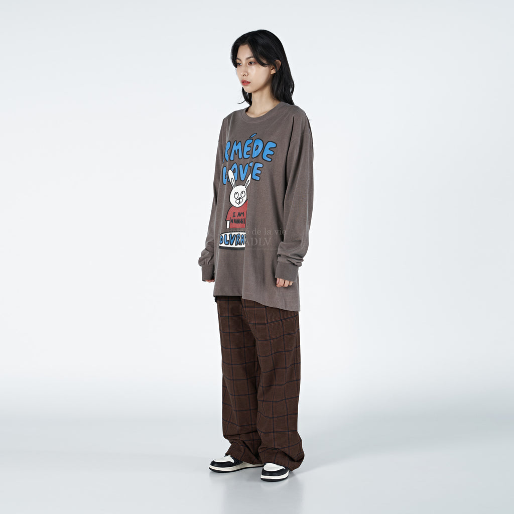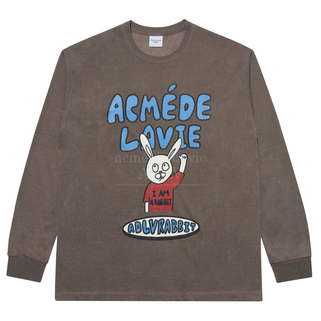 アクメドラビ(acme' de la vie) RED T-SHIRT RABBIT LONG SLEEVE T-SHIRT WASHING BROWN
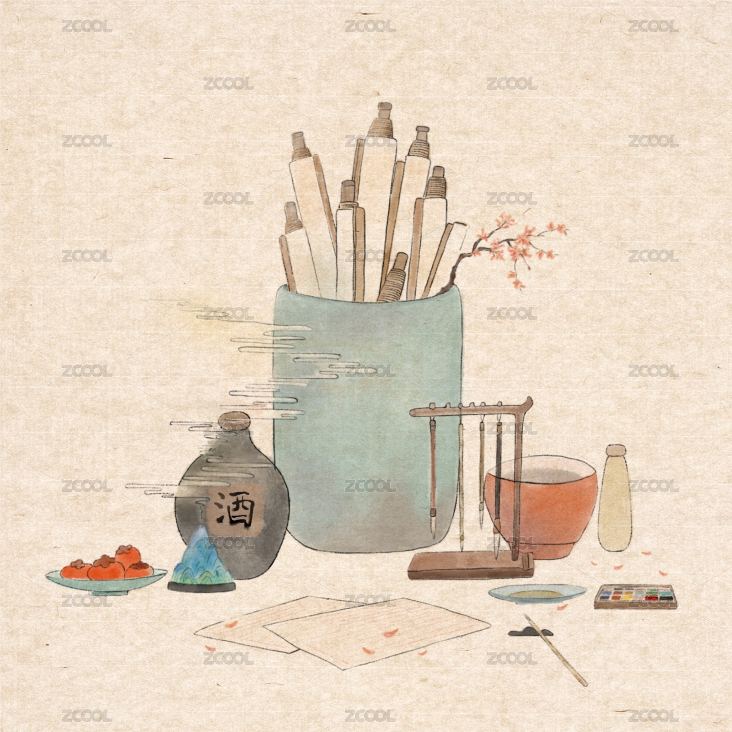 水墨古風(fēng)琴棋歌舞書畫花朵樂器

* * *

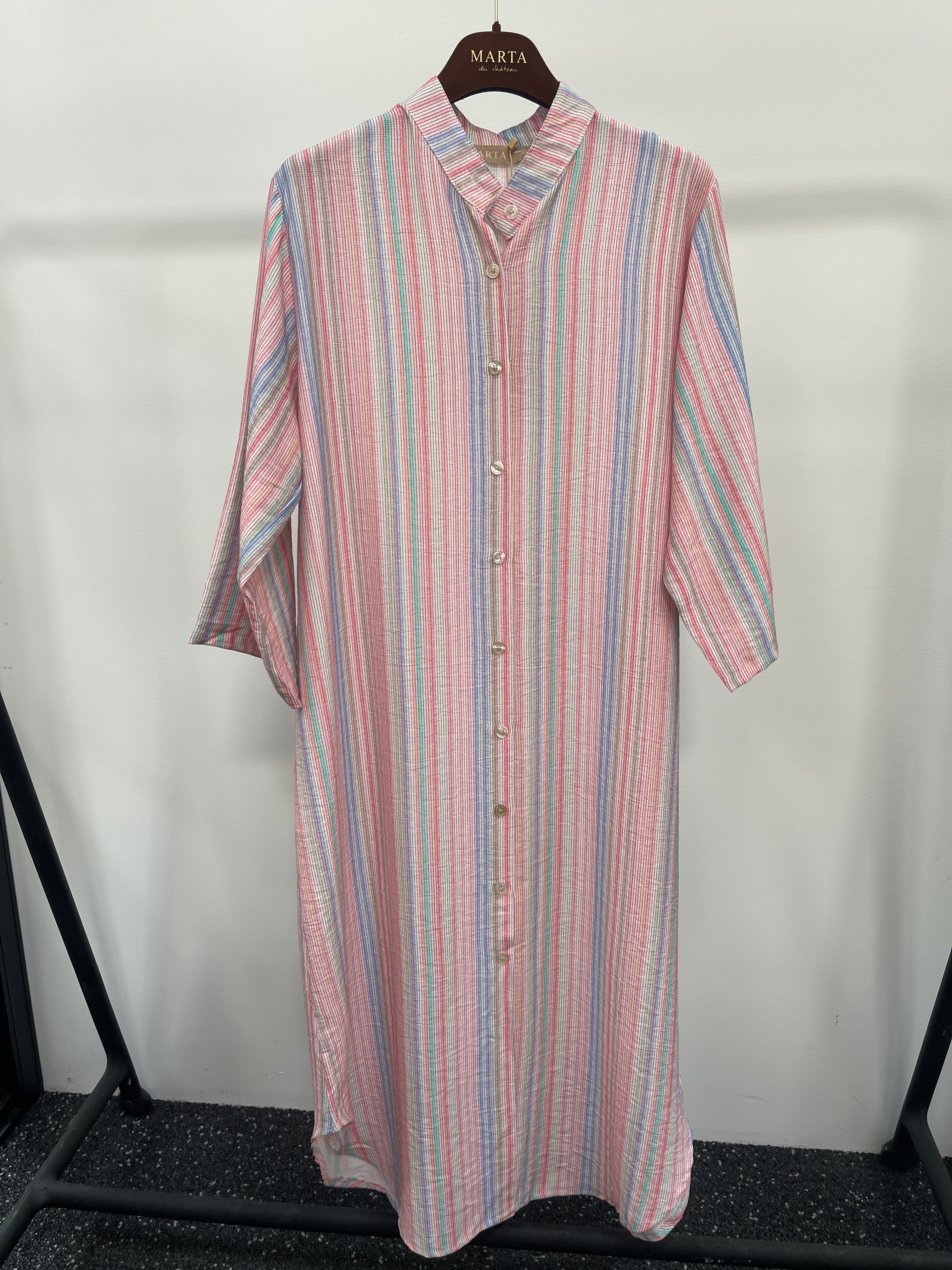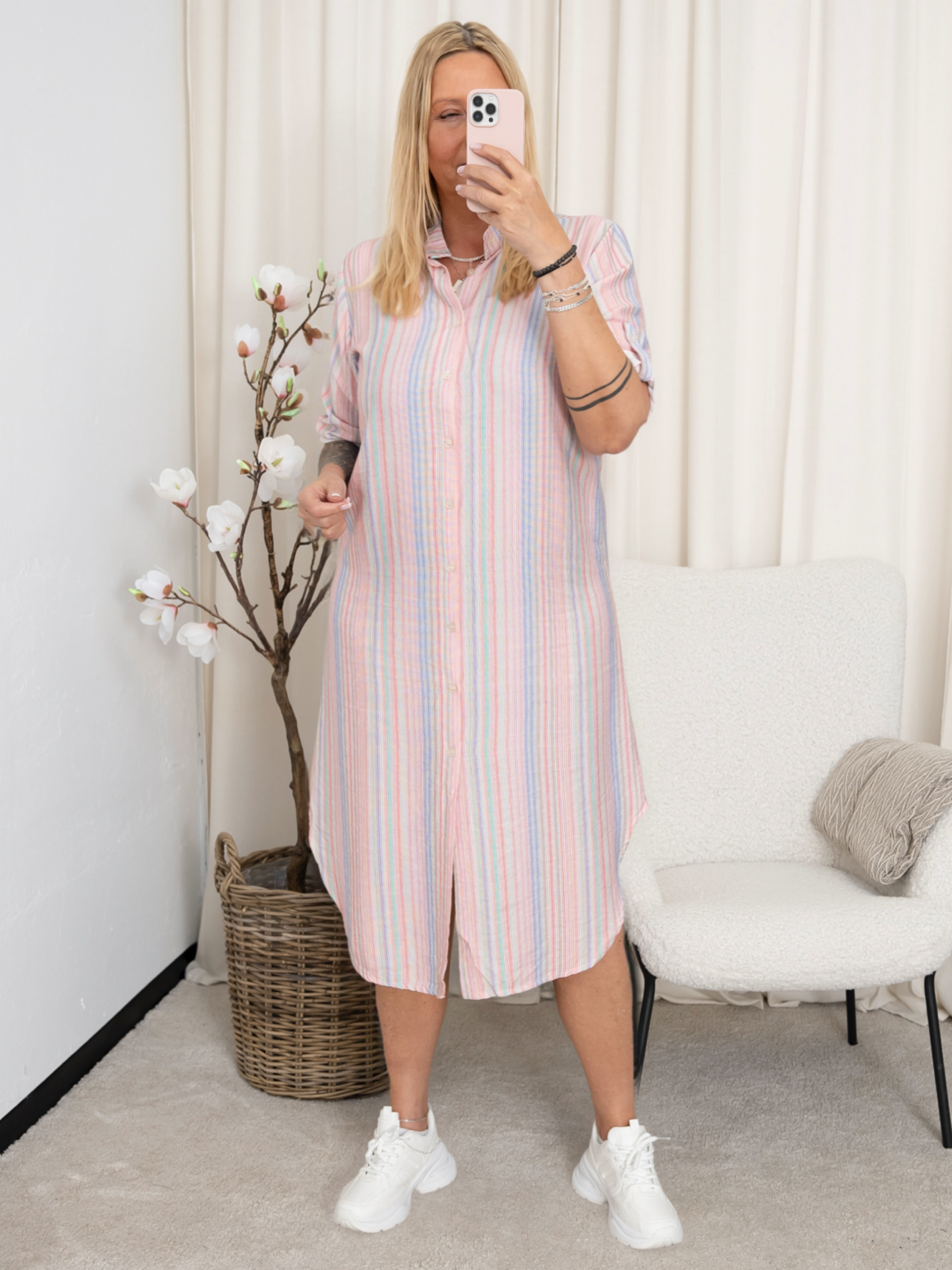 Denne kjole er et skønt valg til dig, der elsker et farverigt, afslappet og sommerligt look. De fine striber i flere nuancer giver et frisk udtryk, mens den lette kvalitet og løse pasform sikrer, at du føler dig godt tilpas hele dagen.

[Problem]
All lines above from the one containing "アクメドラビ(acme' de la" up to and including the one containing "水墨古風(fēng)琴棋歌舞書畫花朵樂器" are to be set down exactly, and nothing else. Leave images out.

[Written reply]
 アクメドラビ(acme' de la vie) RED T-SHIRT RABBIT LONG SLEEVE T-SHIRT WASHING BROWN
 水墨古風(fēng)琴棋歌舞書畫花朵樂器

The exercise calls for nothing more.